From the Los Angeles Biomedical Research Institute at Harbor-UCLA Medical Center, Division of HIV Medicine and the David Geffen School of Medicine at UCLA.

Correspondence to Eric S. Daar, Los Angeles Biomedical Research Institute at Harbor-UCLA Medical Center, Division of HIV Medicine and the David Geffen School of Medicine at UCLA, 1124 W. Carson St., N-24, Torrance, CA 90502, USA. Tel: +1 310 222 2467; fax: +1 310 533 0447; e-mail:

While sustained suppression of plasma HIV-1 RNA below the limits of detection with standard assays is possible in many infected individuals, it is clear that virus still persists in cellular reservoirs for prolonged periods of time [1,2]. Nevertheless, there is little evidence that viral evolution is occurring in this reservoir or that it will be a source of drug resistant virus in the future [2]. In addition to the cellular reservoir, other pharmacologically privileged areas such as the central nervous system and the genital tract may act as an additional sources of residual virus in those with ‘undetectable’ levels of plasma HIV-1 RNA. Several groups have reported data using investigational assays that measure plasma HIV-1 RNA levels below 50 copies/ml, showing that many patients on potent antiretroviral (ARV) therapy have detectable levels present below the limits of detection of standard assays [3,4]. It is not yet known what the clinical implications are of having quantifiable viral levels in this range or what is the source of this low level viremia. Defining these issues may have implications in the clinic as well as towards our understanding of HIV-1 pathogenesis. In fact, recent investigation of novel ARV treatment strategies has provided insight into these areas of interest.

McKinnon and colleagues report in this issue of AIDS data from stored specimens collected during the course of a clinical trial of maintenance therapy with a single pharmacologically boosted protease inhibitor (PI). The results of this study were reported by Arribas et al. [5] and showed that 20 of 21 who remained on a combination drug regimen maintained undetectable levels of plasma HIV-1, with the lone ‘failure’ having left the study because of toxicity. In contrast, 17 of 21 who simplified their combination therapy to lopinavir/ritonavir (LPV/r) alone remained suppressed, with one of the four not suppressed being lost to follow-up and the other three experiencing viral rebound. The investigators in the current analyses used a modified RT–PCR assay with a lower limit of quantitation of 3 copies/ml to further explore the impact removing two drugs from a three-drug regimen have on low level plasma HIV-1 RNA. They found that in the controls as well as those that remained suppressed on LPV/r alone there was no change in plasma HIV-1 RNA over time. In contrast, those experiencing viral rebound had an increase in plasma HIV-1 RNA detected with the highly sensitive assay prior to experiencing viral rebound identified by standard methods.
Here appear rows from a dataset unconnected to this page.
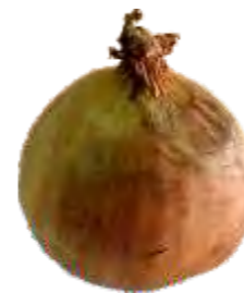
Dano Mecânico: Lesão de origem mecânica observada nos catáfilos do bulbo.
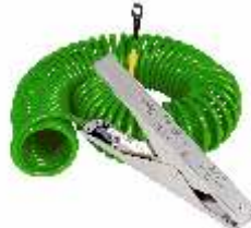
Pince en acier inoxydable VESX90 avec câble Cen-Stat de 3 m, 5 m ou 10 m de long. Dimensions de la pince: 235 mm (9 po)
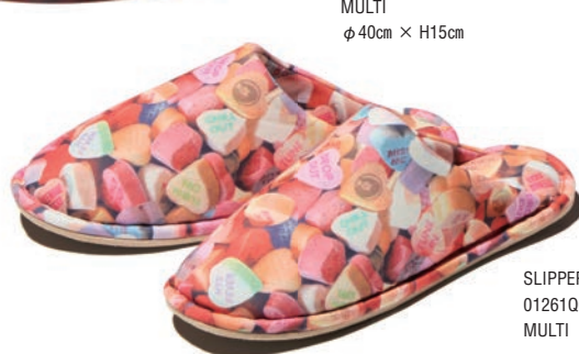
SLIPPERS 01261QG11 / ¥5,940 MULTI
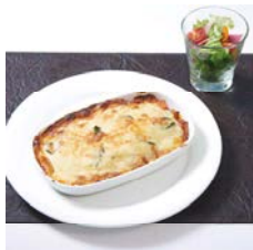
スパイシーシーフードドリア Spicy Seafood Doria

単品 ¥1,950 Single item コーヒー付 ¥2,650 With coffee ケーキ・コーヒー付 ¥3,150 With cake and coffee
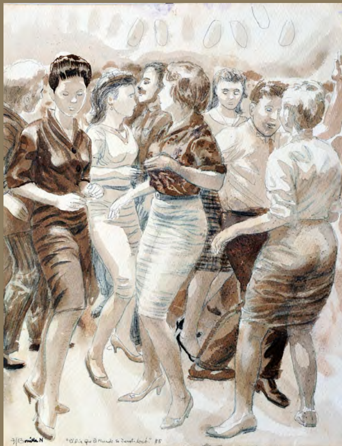
El día en que el mundo se Twist-locó (1978) Félix Bonilla Norat Medio mixto sobre papel 20" x 15 3/4"
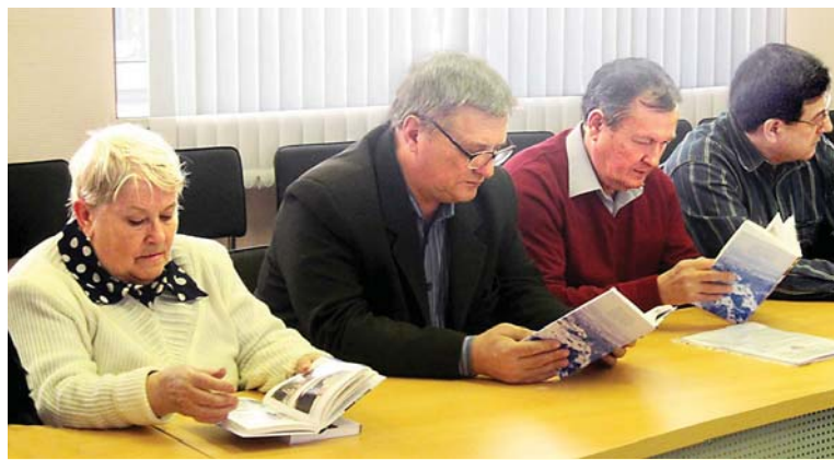
6 февраля 2013 года состоялась презентация второй книги о заводе «ДИНУР»: рубежи настоящего».

86 добровольцев-первоуральцев отправились тогда на фронт, 14 из них были работниками динасового завода. УДТК снискал себе славу
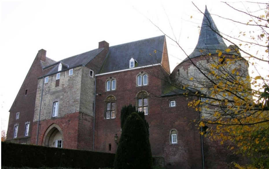
Het optrekje van de Hertog van Horn zoals het er nu bijligt

In 1546 benoemde keizer Karel V hem tot landvoogd en dit leidde tot een verschrikkelijke moordpartij. Met de terechtstelling van Egmont en Hoorn verloor de Heer die toen regeerde over mijn streek het leven!
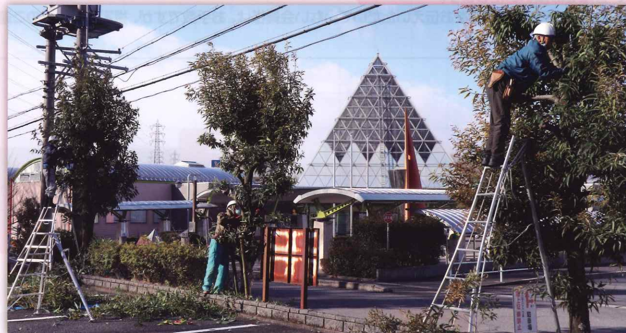
令和4年2月21日 剪定講習会
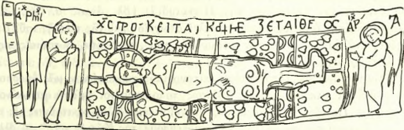
Εἰκ. 7. Παράσταση τοῦ Μελισμοῦ ἐπὶ τῆς λειψανοθήκης Στρογάνωφ.

Ἐπὶ τὸ σῶμα τοῦ Χριστοῦ εἰς θρόνος (διπλοῦς τροχὸς) ἐν μέσῳ δύο σεραφεῖμ καί, πρὸς τὰ δύο ἄκρα, τὰ δύο ζεύγη ἀγγέλων μὲ ριπίδια μεταφέρουν ἐκ τῆς εἰκονογραφίας τῶν ἐπιταφίων μὲ τὸν Θρῆνον εἰς τὴν παλαιότε-
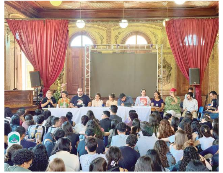
Aula inaugural do cursinho popular de Piracicaba, que está no seu sexto ano e é realizado na EE Sud Mennucci
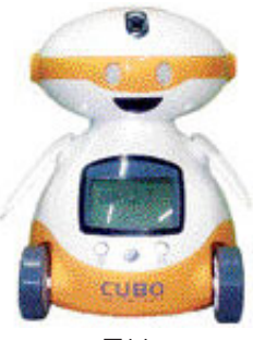
큐보 (높이 23.8cm·무게 1.2kg)

생돈을 내고 구입했다가 마음에 안들어 반품하려다 괜히 기본 상하는 경우 많다. ‘먼저 써보고 맘에 들면 살 수 있는 방법’, 넓혀 줬다. 잘못 활용하면 200만원짜리 최신행 로봇과 10만원짜리 전화기를 사용할 수 있다. 찾아라, 체험 이벤트. 아는 것이 돈이다. 공짜로 얻을 수 있는 것도 많다. 뭐니뭐니 해도 알뜰 구매를 통해 ‘머니’를 절약할 수 있다.
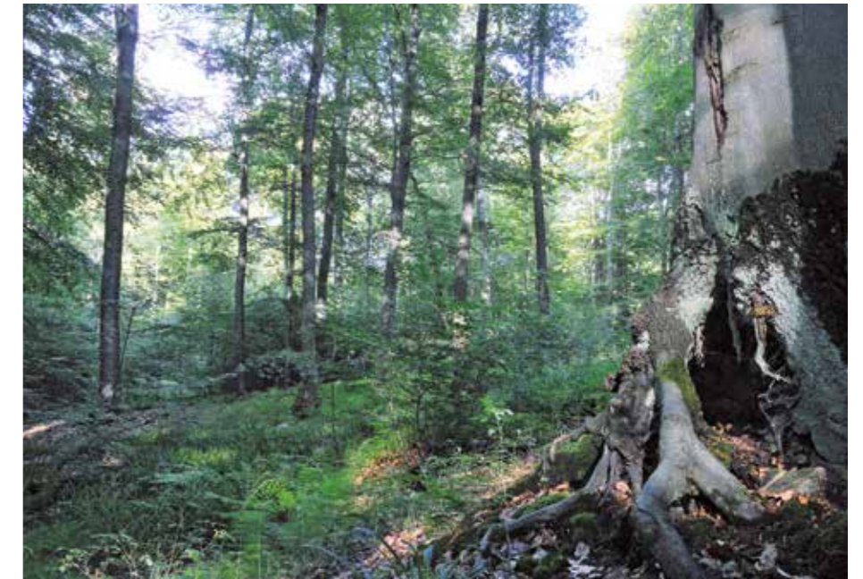
Strukturreicher Buchenwald wird unter Prozessschutz gestellt

Der Bereich „Neugesäß“ im Hohen Keller ist mit seinen geschlossenen naturnahen Buchenwäldern ein besonders wertvoller Lebensraum für seltene Tier- und Pflanzenarten wie Bechsteinfledermaus und Schwarzstorch oder die gefährdete Schwarzweiße Zeichenflechte. Ziel der Maßnahmen in diesem Kernbereich ist es, den Wald mit seinem hohen Alt- und Totholzanteil als Garant für biologische Vielfalt zu erhalten. In Abstimmung mit der Domänialverwaltung und dem zuständigen Revierförster wurde nun eine 14,5 ha große Prozessschutzfläche abgegrenzt, auf der natürlich-dynamische Prozesse ganz ohne störende Eingriffe ablaufen können.
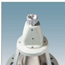
Крепление на трубу G3/4-B.

Безопасность. Защитное закаленное стекло. Специальные держатели для ламп.
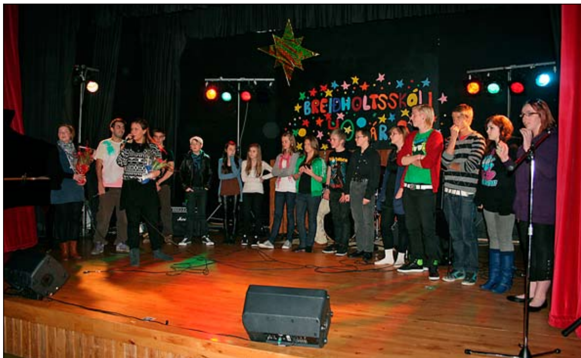
Hópur saman komin á sviðinu.
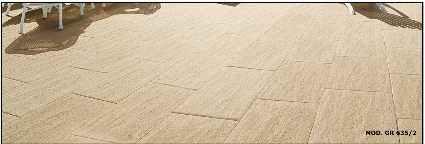
MOD. GR 635/2

From a clinical perspective these data show that the majority of subjects who were suppressed on a three-drug regimen maintained suppression with LPV/r alone, consistent with a recently reported open-label study simplifying combination therapy to atazanavir (ATV) with ritonavir (RTV) [6]. The results also suggest that the more sensitive assay may have some utility in identifying early failure; however, the numbers are small and the clinical relevance of identifying an increase in HIV-1 RNA at levels below versus above 50 copies/ml is not known.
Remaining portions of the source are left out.